As the Family Goes

JP II Quote

"As the family goes, so goes the nation, and so goes the whole world in which we live." John Paul II

Sunday, March 15, 2020

Salvator Mundi

In our diocese, the Bishop has announced that after this week, much like the rest of the country, there will be no weekend Masses to help limit the spread of the Covid-19 virus. So this morning we all arrived in silence.  The usual comradery and social pleasantries were eerily absent from our typically social country parish.  At the end of Mass, the plates of sweets laid out for our customary after-Mass social remained covered in plastic, as people who normally congregate in the lobby quietly walked to their cars, emptying the church almost immediately.  Going to Mass this morning felt very much like Good Friday, which I remarked to my husband. His reponse was that we are almost more solemn than Good Friday.


This is truly saying something.  Because year after year during Lent, and especially on Good Friday, we are asked to enter into the suffering and Passion of our Lord.  We are asked to take it seriously, and to be penitent, and we really do try.  But for all of our efforts, often it is difficult to really, truly wake us from our usual habits. We go to Mass, we hear the readings, we receive Jesus, we experience community. We try to keep Him before us, maybe, if we think of it. But for me at least, so much of it is habit.  Until that is, something like this happens, to stir us and awaken us.

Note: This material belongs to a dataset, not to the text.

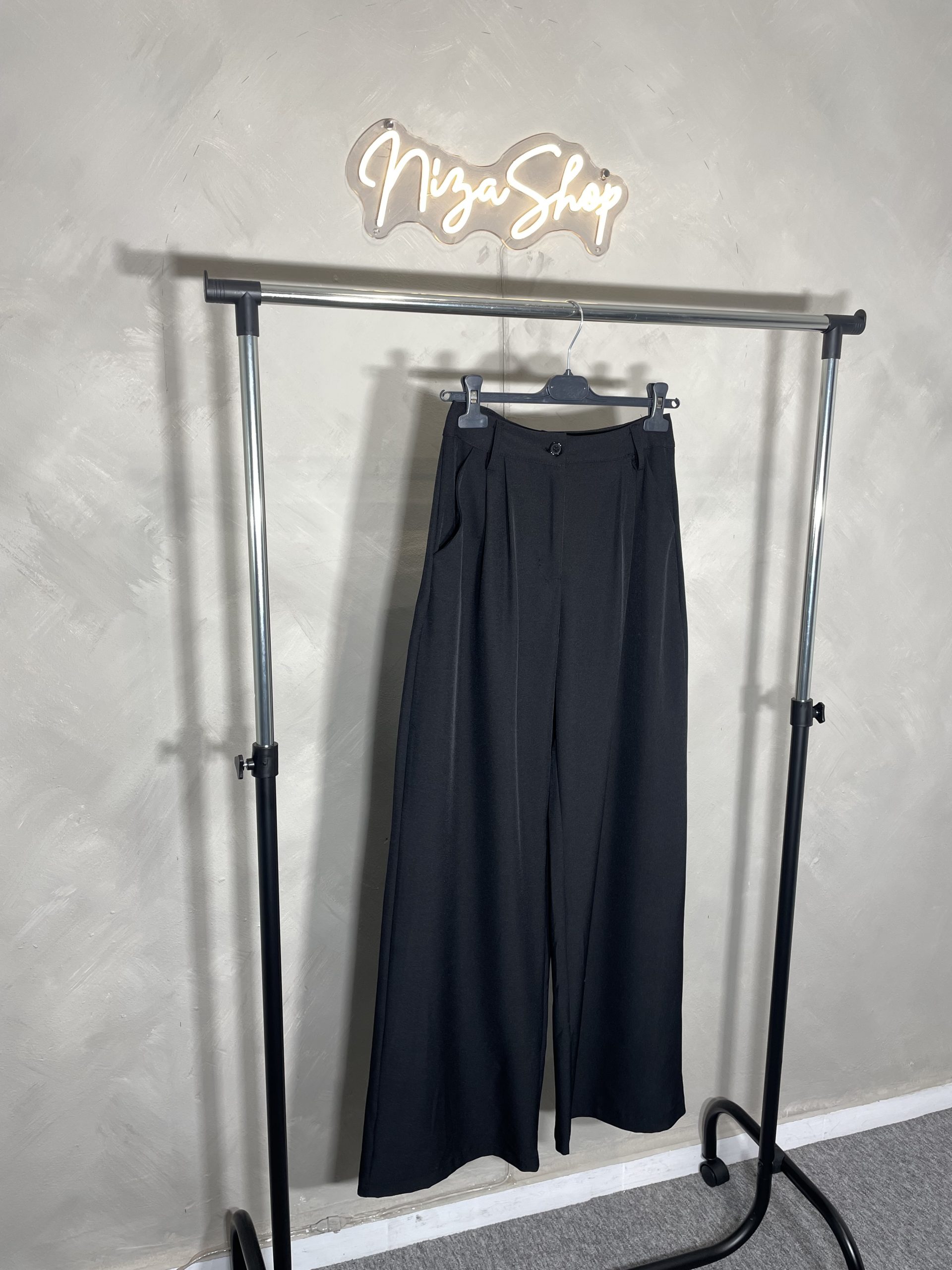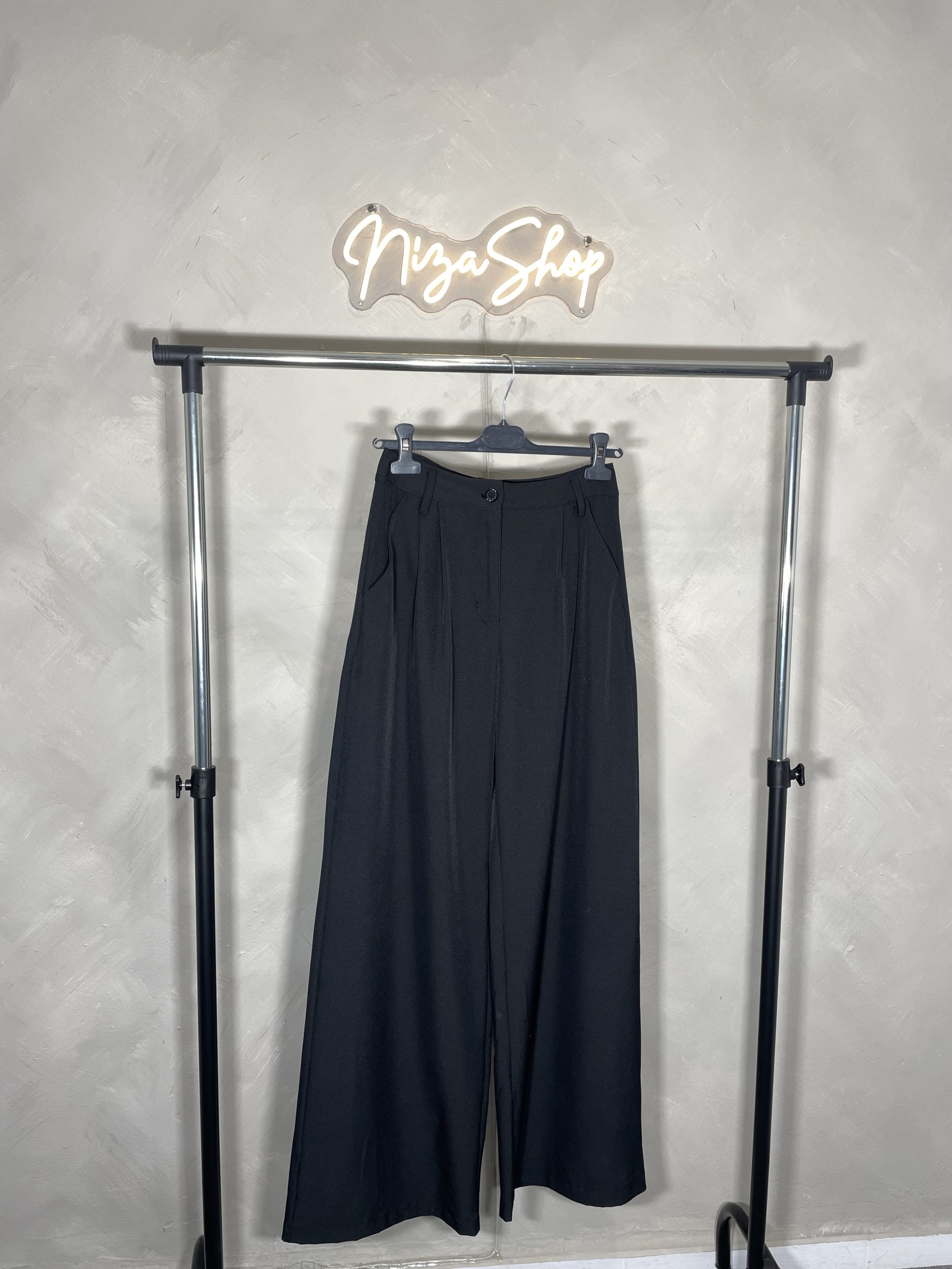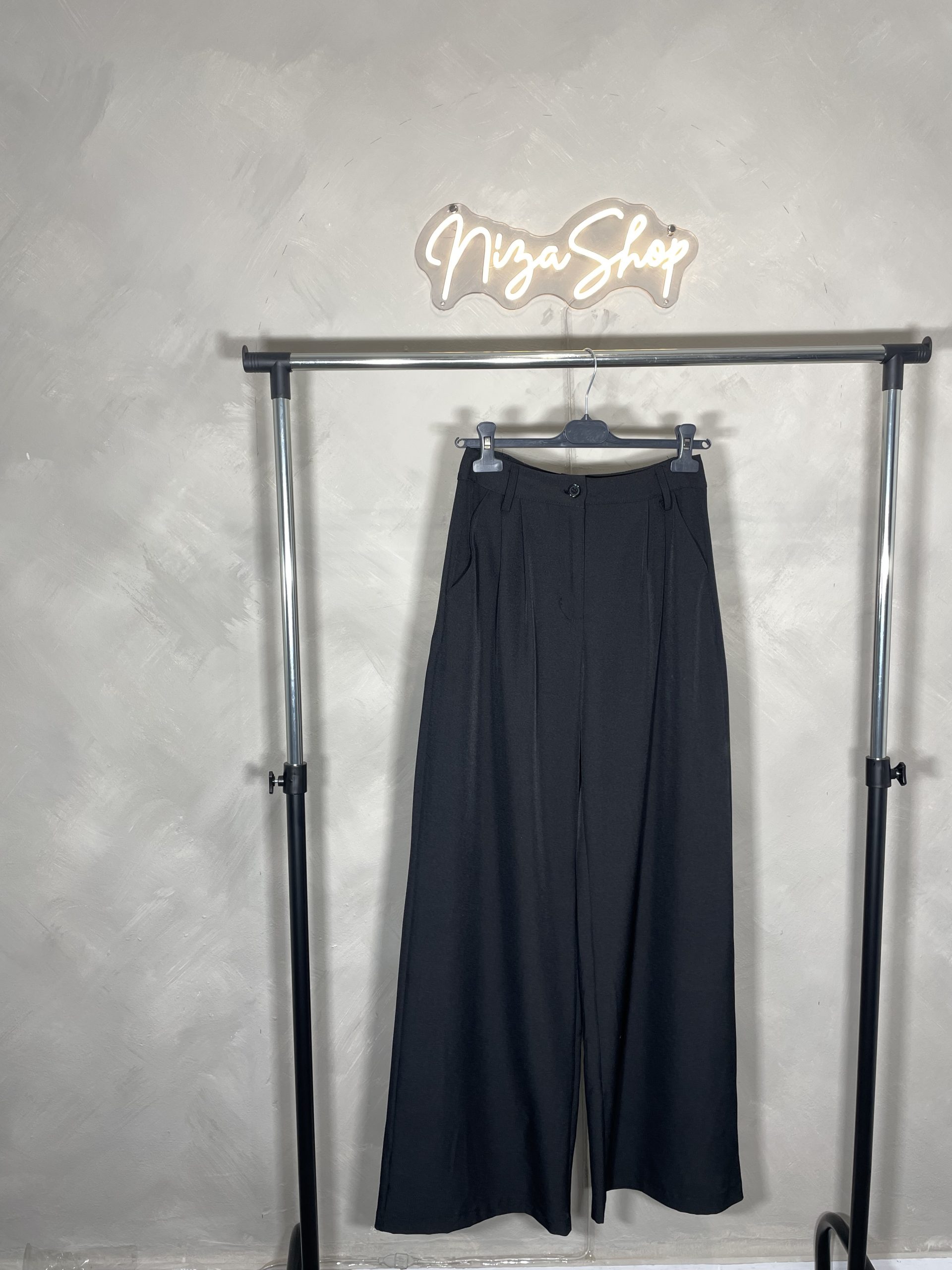 Pantalón de vestir negro de mujer con cintura alta, tela fluida y pata ancha

Why are we so solemn today? For many of us, it is the awareness of Who we receive in the Eucharist, and the thought that we may not be able to receive Him again for some time.  We came to the altar not out of habit or obligation, but with a true awareness of Who we were receiving, and the magnitude of what is being asked of us in the coming weeks.  I can not tell you when is the last time I even considered how deeply I need Jesus in this way, beyond just acknowledging it as "book knowledge". Today what has been taken for granted in my heart emerged as the most important fact of my life as I walked towards the altar and received the Blessed Sacrament.  I was aware what a true gift it was.

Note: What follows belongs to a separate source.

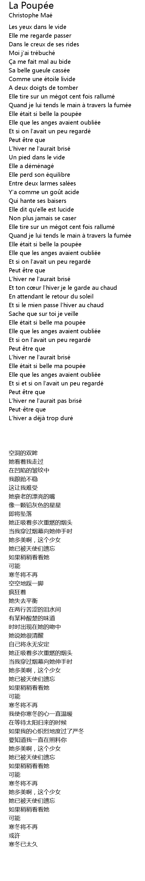 | [02:53.70] | L' hiver a de ja trop dure |

There is also something profoundly beautiful to  me about the fact that the world is experiencing this together, at the same time.  Week after week our parish priest asks us to pray for this or that disaster taking place in the world, and we do.  But it doesn't touch us the way this is.  And knowing that it is touching the whole entire world at the exact same moment in time, is to me almost sacred.  We are bound together in this way. What other possible event could do such a thing?

I kept hearing over and over as we prepared for Mass today, the Catholic Hymn, "Salvator Mundi, Salva Nos." (Saviour of the world, save us.)  We sing it typically on Good Friday, as a reminder that we are all sinners, and are all in such desperate need of Christ. In an online discussion yesterday, a friend commented that people not willing to accept the measures asked of us by our Bishops as an act of charity are suffering from a spiritual blindness, and for me, this is how it all comes together in this moment.  In our small corner of the world, we don't have Coronovirus.  We are not physically sick.  But we all in some manner or another, have spirtual blindness.  Even those of us who are willing to do what is asked of us. 

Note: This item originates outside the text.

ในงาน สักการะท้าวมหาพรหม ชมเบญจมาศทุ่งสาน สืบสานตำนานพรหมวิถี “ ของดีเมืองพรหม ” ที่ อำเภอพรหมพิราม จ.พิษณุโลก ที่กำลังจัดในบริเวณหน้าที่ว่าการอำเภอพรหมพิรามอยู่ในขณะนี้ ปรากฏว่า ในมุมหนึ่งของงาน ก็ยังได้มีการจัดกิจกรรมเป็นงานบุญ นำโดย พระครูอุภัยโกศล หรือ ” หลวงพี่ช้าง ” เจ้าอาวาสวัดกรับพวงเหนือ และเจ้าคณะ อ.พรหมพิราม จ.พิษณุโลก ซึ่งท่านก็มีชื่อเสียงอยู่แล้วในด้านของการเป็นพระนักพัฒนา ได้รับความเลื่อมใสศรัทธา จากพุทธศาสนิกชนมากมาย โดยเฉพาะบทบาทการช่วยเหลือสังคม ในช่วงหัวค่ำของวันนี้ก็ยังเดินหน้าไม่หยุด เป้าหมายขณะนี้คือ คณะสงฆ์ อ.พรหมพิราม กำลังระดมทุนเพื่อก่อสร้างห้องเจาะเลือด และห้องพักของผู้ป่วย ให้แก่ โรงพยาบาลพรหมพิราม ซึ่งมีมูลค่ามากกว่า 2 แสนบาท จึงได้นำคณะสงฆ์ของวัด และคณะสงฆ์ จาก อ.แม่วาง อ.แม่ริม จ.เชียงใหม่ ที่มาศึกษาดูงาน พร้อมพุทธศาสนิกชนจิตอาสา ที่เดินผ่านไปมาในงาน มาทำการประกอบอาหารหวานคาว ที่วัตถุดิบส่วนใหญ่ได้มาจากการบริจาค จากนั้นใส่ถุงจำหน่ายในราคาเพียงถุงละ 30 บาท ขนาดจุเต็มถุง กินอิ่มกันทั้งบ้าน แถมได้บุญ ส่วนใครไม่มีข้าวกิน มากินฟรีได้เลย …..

We are all sinners in need of salvation - this is not just a sentiment but a fact! A fact that is being made profoundly clear as we prepare to sacrifice our ability to receive the Eucharist for an unknown period of time.  My need for Christ has never been so real or true for me than it is in this moment, and for this I can only respond in gratitude.  What took place more than two thousand years ago has somehow erased time, crossed over millenia, and come to touch me here, in 2020, as a true fact in my life. This is the omnipotence of Christ, drawing us into His passion in the present.  For me, this elevates what we are living to the level of sacred.


Please continue to pray for each other and the world, as we join together and embrace the reality of Christ in front of us now, and what that means for each one of us.